→ Required work
Output the data verbatim, minus the images.

→ Data extract
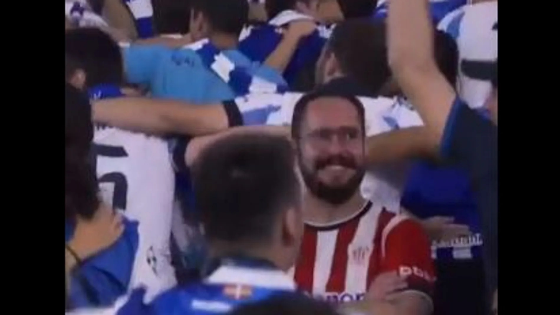 En pleno éxtasis de la afición local, los aficionados empezaron a bailar de espaldas y agarrados en todo el estadio. Fue entonces cuando las cámaras de televisión enfocaron a un hincha visitante que, entre una marea de camisetas azules y blancas, sonrió con su camiseta del Athletic pese a las circunstancias.
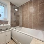 BATHROOM 6' 3 max" x 5' 6 max" (1.91m x 1.68m) a suite comprising of a low level wc, pedestal wash hand basin, panel bath with shower screen and wall mounted shower unit over; tiled splash backs; extractor fan; UPVC double-glazed window to side; heated towel rail radiator.
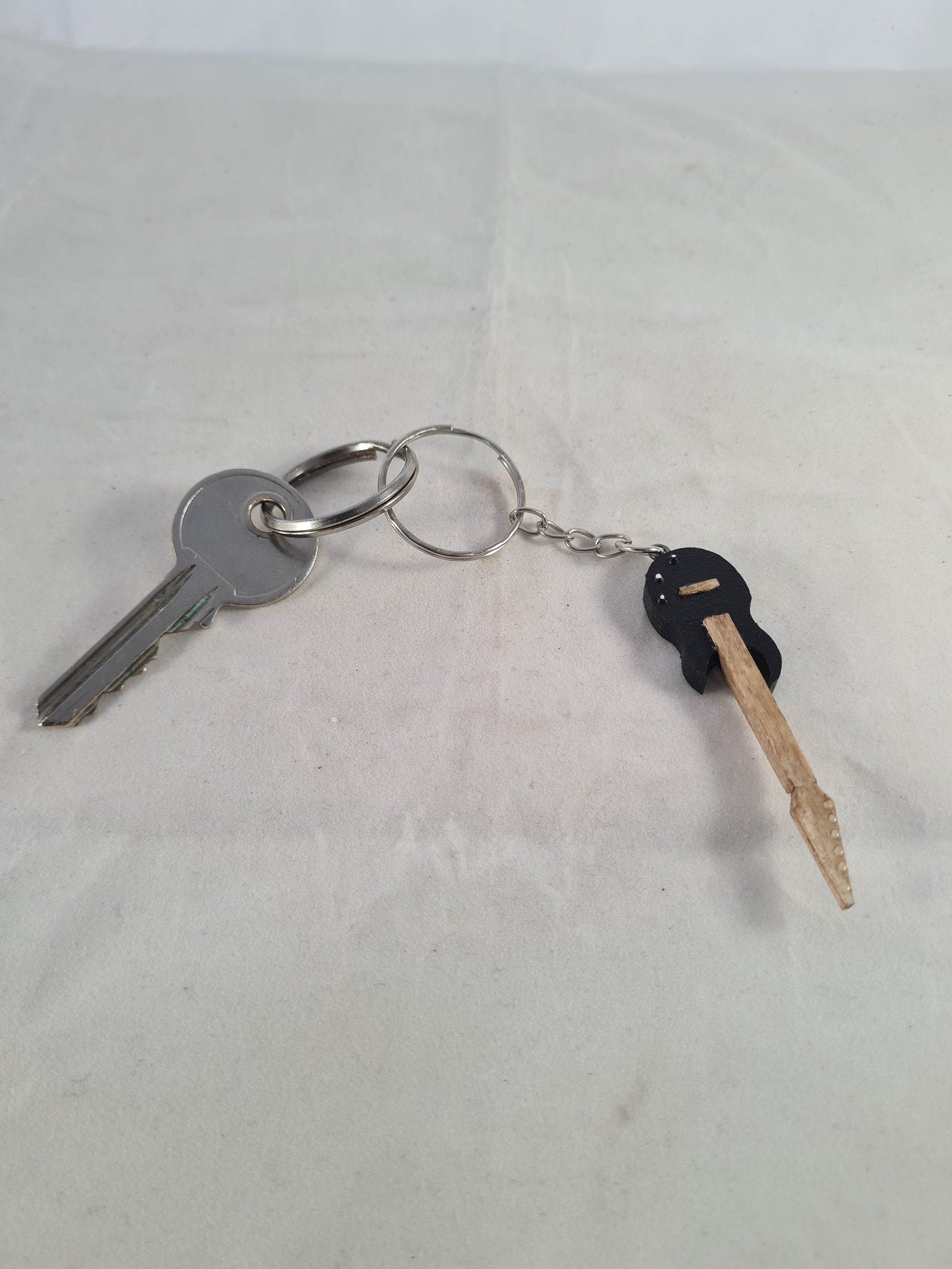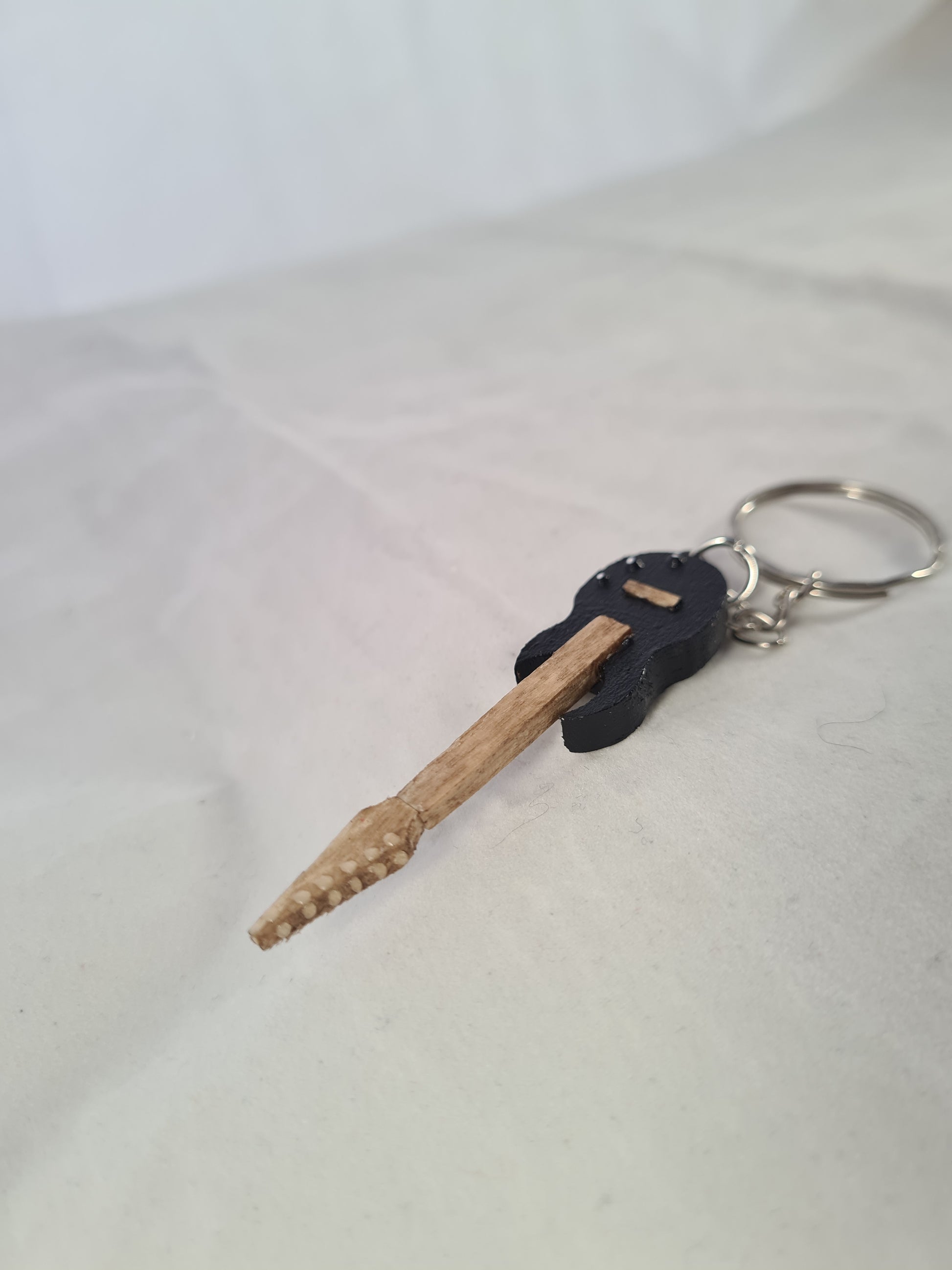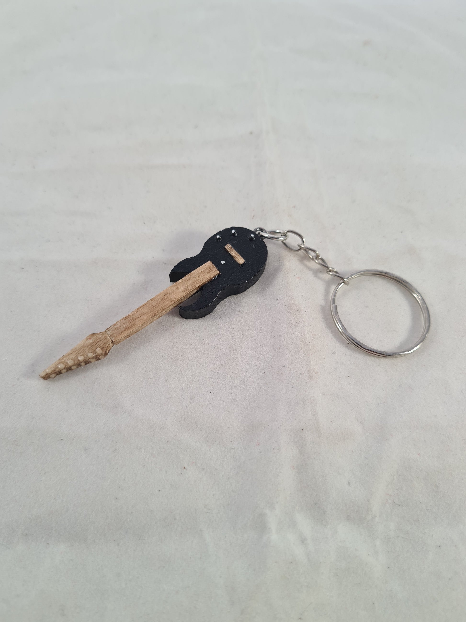 Black Electric Guitar Keyring/Keychain - Handcrafted Wooden Matchstick Figures - Gifts, Ornaments and Decor By Tiggidy Designs

→ Exercise output
 En pleno éxtasis de la afición local, los aficionados empezaron a bailar de espaldas y agarrados en todo el estadio. Fue entonces cuando las cámaras de televisión enfocaron a un hincha visitante que, entre una marea de camisetas azules y blancas, sonrió con su camiseta del Athletic pese a las circunstancias.
 BATHROOM 6' 3 max" x 5' 6 max" (1.91m x 1.68m) a suite comprising of a low level wc, pedestal wash hand basin, panel bath with shower screen and wall mounted shower unit over; tiled splash backs; extractor fan; UPVC double-glazed window to side; heated towel rail radiator.
 Black Electric Guitar Keyring/Keychain - Handcrafted Wooden Matchstick Figures - Gifts, Ornaments and Decor By Tiggidy Designs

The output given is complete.